After tearing up the Top Alcohol Funny Car ranks from the time she broke through to win in just the fourth start of her rookie season, J&A Service/YNot Racing driver Annie Whiteley finally hit the first slump of her career.
An upset first-round loss at the biggest race of the season, the U.S. Nationals at Indianapolis, where last year she made it to the final and barely lost, was Whiteley’s fourth first-round defeat in five races. It happened just four times in her entire rookie campaign, when she amassed a 26-11 win-loss record and tied for fourth in the national standings, and just five times all last year, when she put up a 23-12 mark and finished fourth in the nation.

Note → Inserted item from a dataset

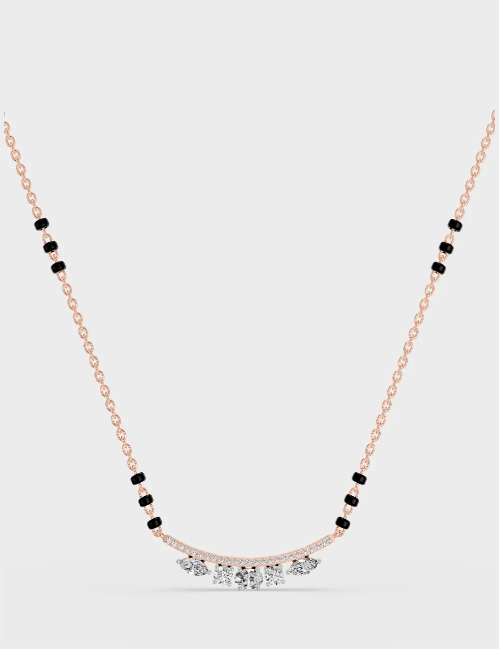 Turn everyday moments into occasions with this sparkling mangalsutra, featuring exquisite-cut diamonds arranged in a graceful arc of brilliance. A modern ode to tradition, it blends timeless sentiment and effortless style.

2014 hasn’t been a washout – Whiteley currently is locked in a three-way tie for eighth place in the national standings and has three final-round appearances in the bank – but it’s been no 2012. “This stinks,” said Whiteley, who qualified No. 5 at Indy with an off-the-trailer 5.61 that covered the other 23 drivers by the almost unheard-of margin of half a tenth. She ended up No. 5, solidly in the fast half of the field as she has been at every race but one this year, but shook violently against Jay Payne, who qualified just 12th but went on to win the event.
“It was a weak shake,” she said. “It wasn’t that we overpowered the track – that track was way better than anyone thought it was going to be. Usually when you short-shift, the shake goes away, but that time, short-shifting just made the car shake harder.”